According to Kimichi (1992) assumptions regarding global advantage cannot be rightly inferred, until more is known about perceptual units of a stimulus structure, such discrepancies may advocate improper characterization of perceptual processing. In line with Kimichi (1992), it is thus considered that the true nature of perceptual processing must be treated carefully in respect to the mapping of one processing style onto another, as no specific processing strategy is necessarily inherent of the same characteristics as another.
In summary, perceptual processing styles were found in relation to visual memory on the block design task. These strategies can be understood in a variety of forms (Schorr, et al, 1982, Navon 1977, cited in Eysenck, 2002) however it is consistently noted that these are qualitative as well as quantitative differences (Cooper, 1976, 1982). Interpretation of the current results suggests that the perceptual processing styles identified by Cooper (1976) can be used to assess visual functioning in a reliable format. Future research into the holistic style of processing is likely to yield more fruitful observations, as the cognitive capabilities of such processing is far from understood. Further research points to the perceptual structure or complexity of visual patterns. Finally, it is suggested that in order to make reliable conclusions about the nature of perceptual processing, research within the field need concern the use of “converging operations” and task demands that allow such inferences to be made (Kimichi, 1992, p.36).
References
Cooper, L. A. (1976).

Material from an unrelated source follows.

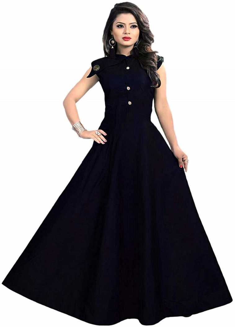 Self Design, Solid Pure Satin Straight Gown (Black)
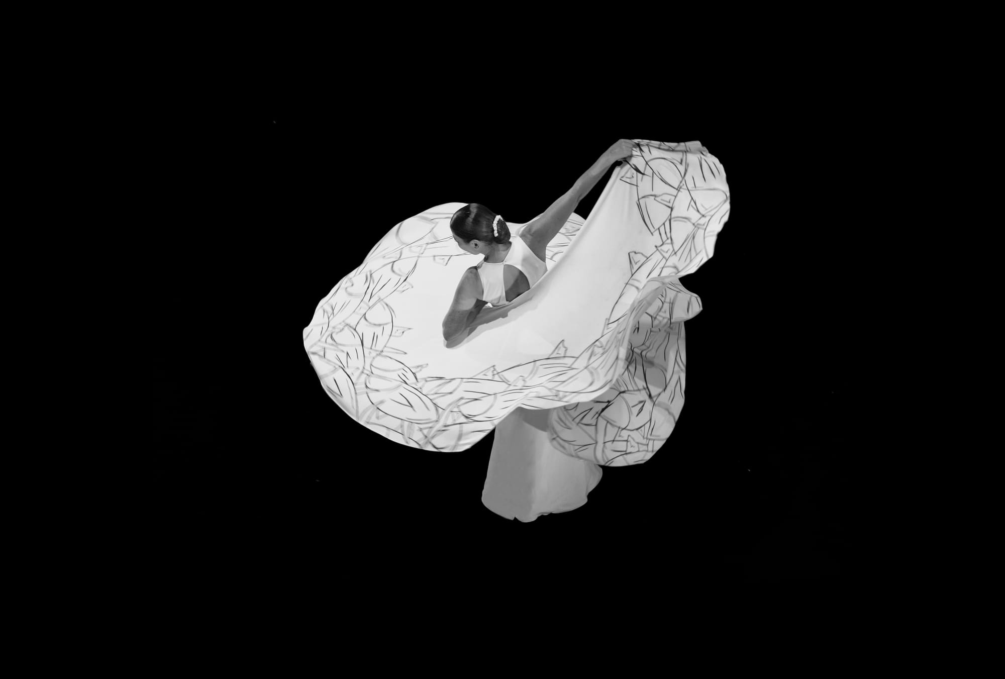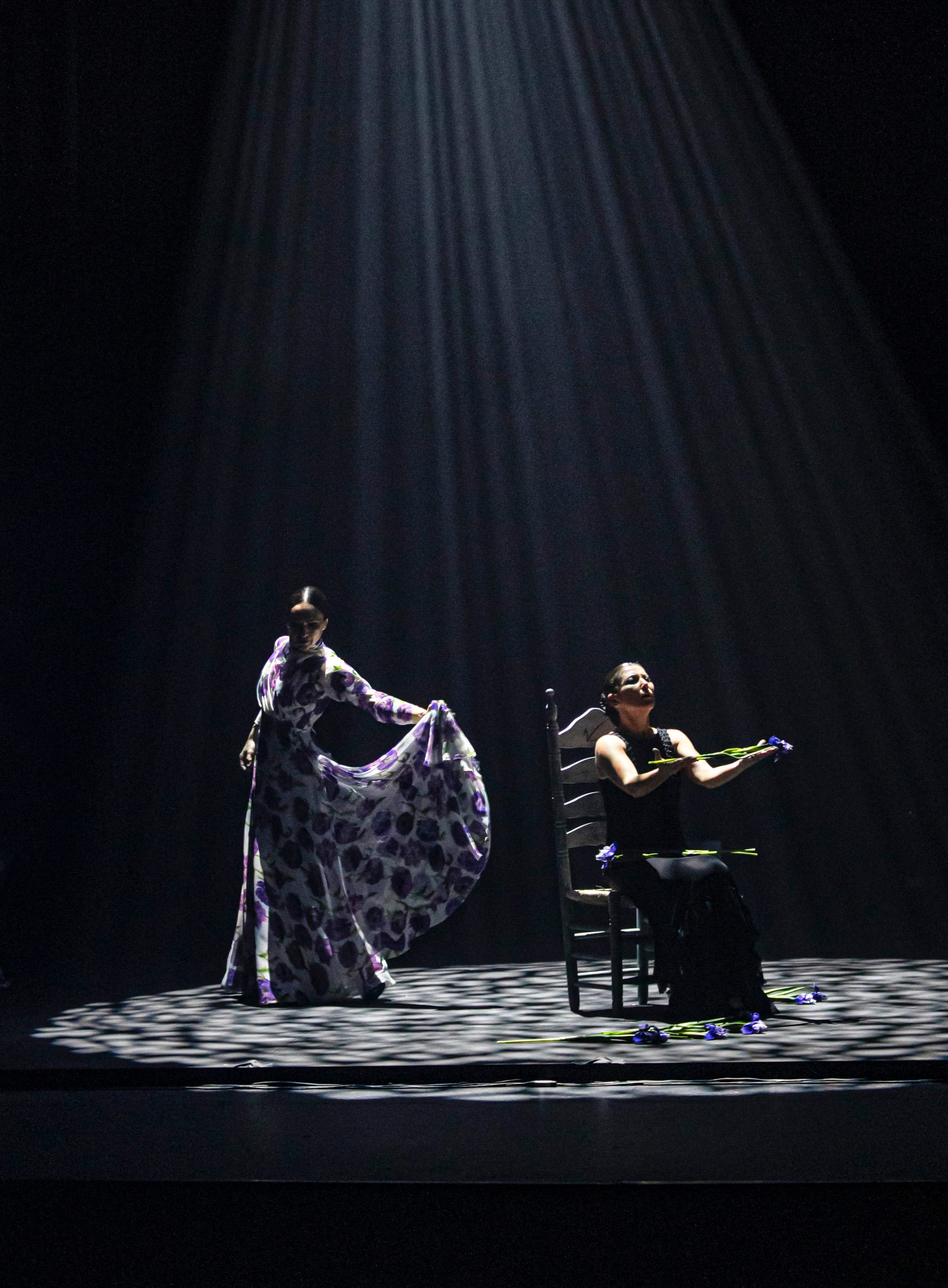 The dance then shifted to another section (“Root”), where Baras’s dancing with singer May Fernández allowed more of the grief. It was a dialogue, and Baras would stop, as the musician would approach her, gently tapping, the rhythm intensifying and slowing, like a tortured beating heart. Although expressive, this story ended with her grabbing her own throat, as if stifling a scream or an emotion she dared not release despite all that was said. Then, just as the act seemed to reach its darkest point, the story shifted. Women drifted across the stage in stunning flowered dresses – a procession of mourners transformed into something blooming, romantic, and alive. It was one of the evening's most haunting images: grief rendered not as darkness but as flowers, the very moment death began its passage into flight.

Individual differences in visual comparison processes. Perception & Psychophysics, 19(5), 433-444.
Cooper, L. A. (1982). Strategies of Visual Comparison and Representation: Individual Differences. In R.J.Sternberg. (Ed.). Advances in the Psychology of Human Intelligence. Vol.1. CH 2, 77-124.

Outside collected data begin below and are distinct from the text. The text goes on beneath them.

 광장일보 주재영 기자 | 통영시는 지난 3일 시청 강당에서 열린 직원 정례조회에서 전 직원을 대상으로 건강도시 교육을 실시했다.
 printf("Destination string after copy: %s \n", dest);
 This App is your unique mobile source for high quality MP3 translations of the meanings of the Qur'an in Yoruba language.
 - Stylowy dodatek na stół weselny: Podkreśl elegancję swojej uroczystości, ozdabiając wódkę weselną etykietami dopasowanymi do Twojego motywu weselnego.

Eysenck, M., & Keane, M. (2002). Cognitive Psychology: A Students Handbook. Philadelphia: Taylor and Francis Inc.
Hoffman, J. E. (1980). Interaction between global and local levels of a form. Journal of Experimental Psychology: Human Perception & Performance, 6, 222-234.

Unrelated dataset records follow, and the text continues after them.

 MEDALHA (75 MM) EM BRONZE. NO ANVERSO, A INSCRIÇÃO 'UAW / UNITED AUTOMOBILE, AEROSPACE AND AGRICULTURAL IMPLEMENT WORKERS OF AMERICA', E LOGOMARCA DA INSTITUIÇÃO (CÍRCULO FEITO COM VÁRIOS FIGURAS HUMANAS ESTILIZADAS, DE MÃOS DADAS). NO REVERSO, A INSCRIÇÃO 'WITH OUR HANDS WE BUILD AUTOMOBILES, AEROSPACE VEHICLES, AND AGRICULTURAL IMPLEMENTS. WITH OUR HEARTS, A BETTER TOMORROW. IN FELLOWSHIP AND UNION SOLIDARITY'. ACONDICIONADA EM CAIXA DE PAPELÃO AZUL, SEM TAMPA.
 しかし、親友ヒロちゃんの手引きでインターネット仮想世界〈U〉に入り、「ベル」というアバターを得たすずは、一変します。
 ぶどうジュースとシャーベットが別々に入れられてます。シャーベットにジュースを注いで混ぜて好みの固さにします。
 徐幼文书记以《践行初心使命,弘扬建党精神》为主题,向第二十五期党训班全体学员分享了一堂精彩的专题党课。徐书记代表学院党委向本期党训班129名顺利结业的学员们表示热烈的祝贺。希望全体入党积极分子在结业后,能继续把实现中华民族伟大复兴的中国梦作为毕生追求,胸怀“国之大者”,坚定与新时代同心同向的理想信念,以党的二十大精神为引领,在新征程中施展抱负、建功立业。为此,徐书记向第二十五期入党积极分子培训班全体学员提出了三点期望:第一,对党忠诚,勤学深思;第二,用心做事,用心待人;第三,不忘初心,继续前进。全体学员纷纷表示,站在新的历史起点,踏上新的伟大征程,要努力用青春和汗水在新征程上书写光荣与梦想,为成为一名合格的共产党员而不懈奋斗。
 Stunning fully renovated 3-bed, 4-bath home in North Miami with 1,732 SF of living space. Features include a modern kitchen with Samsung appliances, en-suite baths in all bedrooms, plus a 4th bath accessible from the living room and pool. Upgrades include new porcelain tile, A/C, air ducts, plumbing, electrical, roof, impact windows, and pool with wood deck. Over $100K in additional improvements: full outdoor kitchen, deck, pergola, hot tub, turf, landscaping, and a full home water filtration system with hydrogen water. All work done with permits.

Kimichi, R. (1992). Primacy of wholistic processing and global/local paradigm. A critical review. Psychological Bulletin, 112, 24-38.
Navon, D., & Norman, J. (1983). Does global precedence really depend on visual angle? Journal of Experimental Psychology: Human Perception & Performance, 9(6), 955-965.
Palmer, S.E. (1999). Vision Science: Photons to phenomenology. Cambridge, Massachusetts: Bradford Books.
Schorr, D., Bower, G.H., & Kiernan, R. (1982). Stimulus variables in the block design task. Journal of Consulting and Clinical psychology, 50(4), 479-487.